Rhode Island courts will only enforce a noncompete agreement if:

  1. The restriction is ancillary to an otherwise valid transaction or employment relationship;
  2. Adequate consideration was given for the restriction;
  3. The restriction protects a legitimate interest; and
  4. The restriction is reasonable when comparing the restrictions to the employer’s protective interest.
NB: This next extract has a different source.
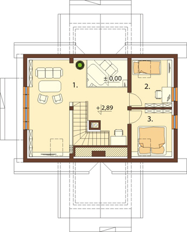 แปลนชั้นบน มีห้องนอน 2 ห้อง และมุมรับแขกหรือมุมสันทนาการในครอบครัว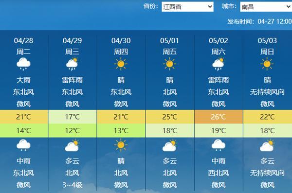 今天下午,江西降雨将逐渐增多,夜间至29日有一次较明显的降水、降温及大风天气过程。多地将出现大到暴雨,气温显著下降,南昌最高气温将从30℃以上降至17℃,湿凉感明显,需做好防雨和保暖措施。

Puerto Rican Common Law Noncompetition agreements are valid but subject to the following conditions (see Arthur Young & Co. v. Vega III136 DPR 157 (1994)):

  • An agreement must be in writing;
  • The employer must have a legitimate interest to protect, and an agreement must be drafted not to impose any limitations beyond those needed to protect such interest;
  • Restrictions on an employee must be circumscribed to activities similar to those that the employee is engaged in – an agreement that restricts a former employee from working in other capacities is invalid;
  • Restrictions may not exceed 12 months after the employee’s termination date – any additional term is excessive and illegal per se;
  • The geographic scope must be strictly limited to what’s necessary to prevent actual competition between employer and employee;
  • An agreement should only cover clients who were personally served by the employee for a reasonable period of time and still be a client of the employer at the time employment ended;
    • Restrictions applicable to potential clients would be considered excessively broad and, therefore, invalid (see PACIV, Inc. v. Perez Rivera159 DPR 523 (2003);
  • The employer must provide valid and sufficient consideration in exchange;
    • For newly hired employees, an offer of employment is deemed sufficient consideration; and
    • For current employees, additional consideration must be provided, such as a promotion or additional benefits.